> **Data**:
★ ★ ★ ★ ★ ★ ★

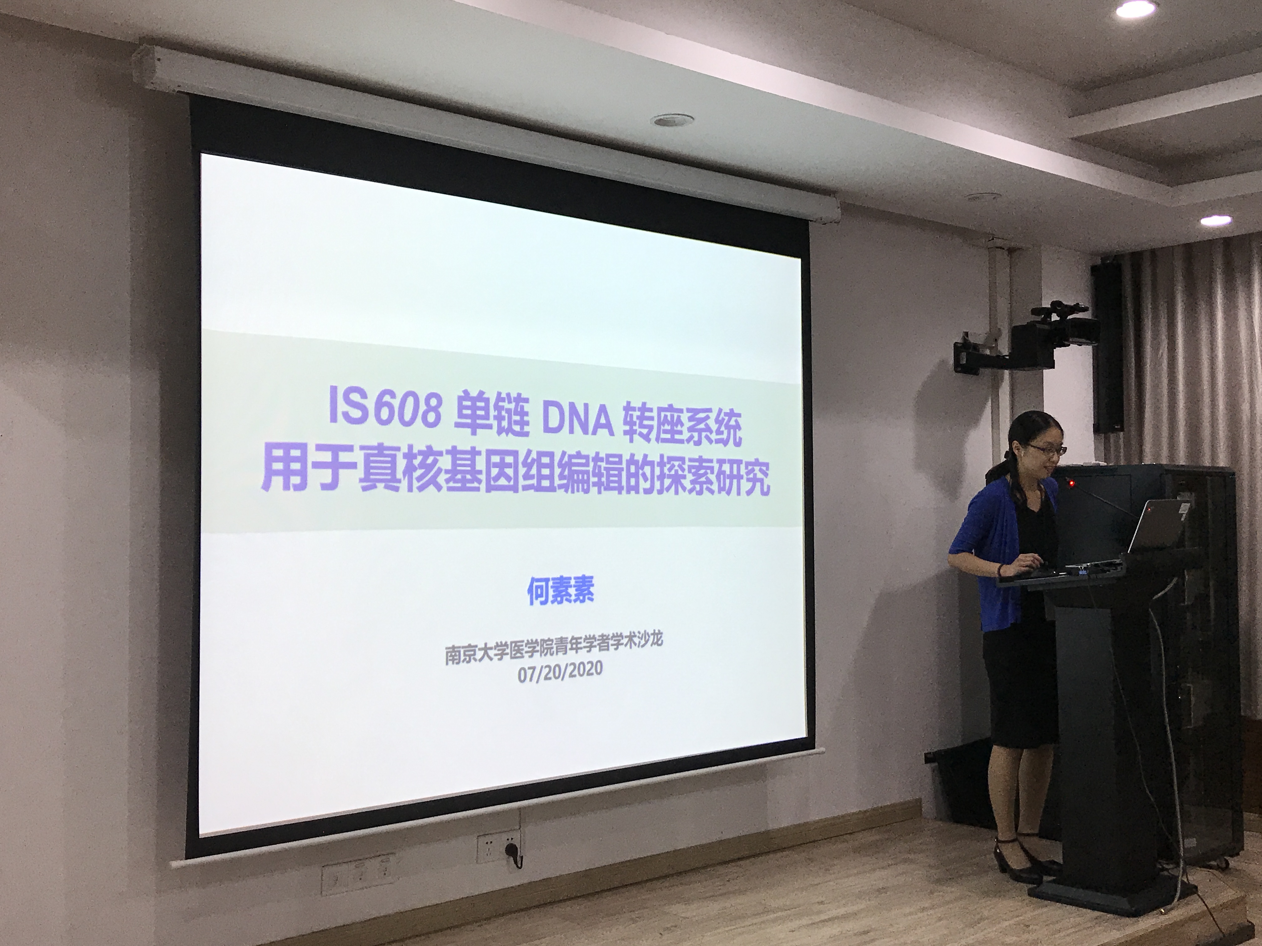 何素素老师就她上半年的科研工作成果作了内容丰富的学术汇报,围绕就IS608 单链DNA转座系统用于真核基因组编辑的探索研究向在场的师生进行内容分享与介绍。
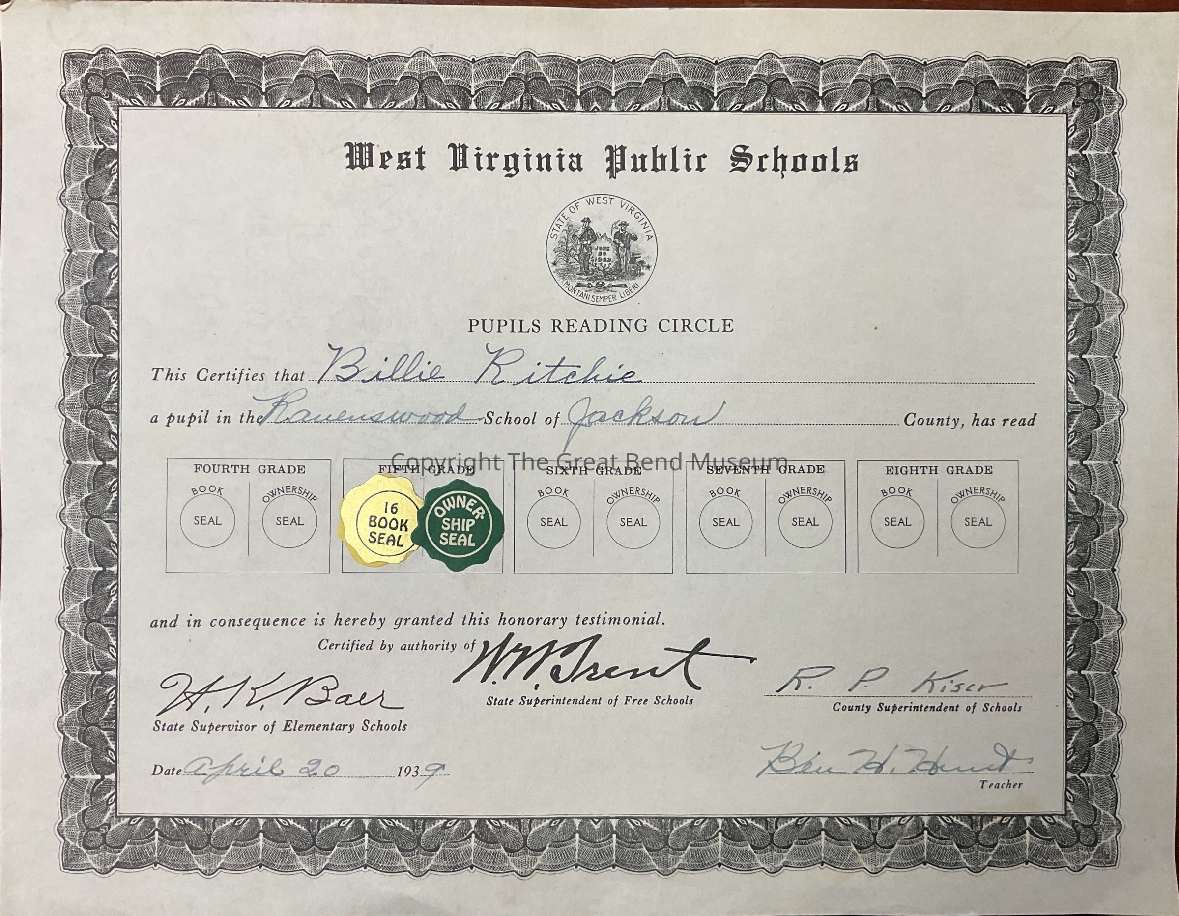 Billie Ritchie’s 5th grade reading circle certificate
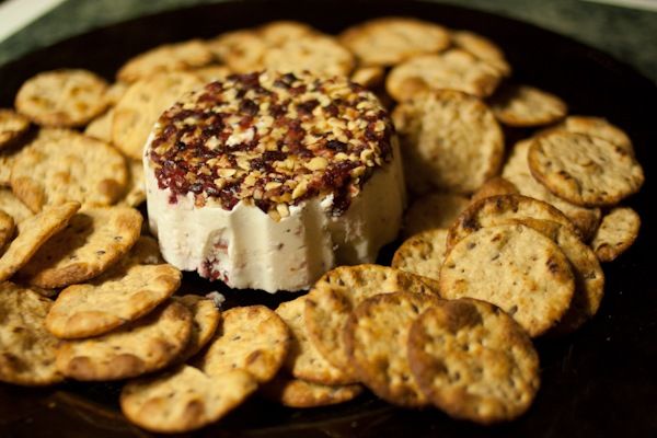 We started with a gorgonzola, cranberry, and pecan cheese ball from Trader Joe’s.

★ ★ ★ ★ ★ ★ ★

Output nothing but the lines from the one containing "Billie Ritchie’s 5th" to the end of the listing, both ends included, reproduced exactly. Pictures stay out.

 Billie Ritchie’s 5th grade reading circle certificate
 We started with a gorgonzola, cranberry, and pecan cheese ball from Trader Joe’s.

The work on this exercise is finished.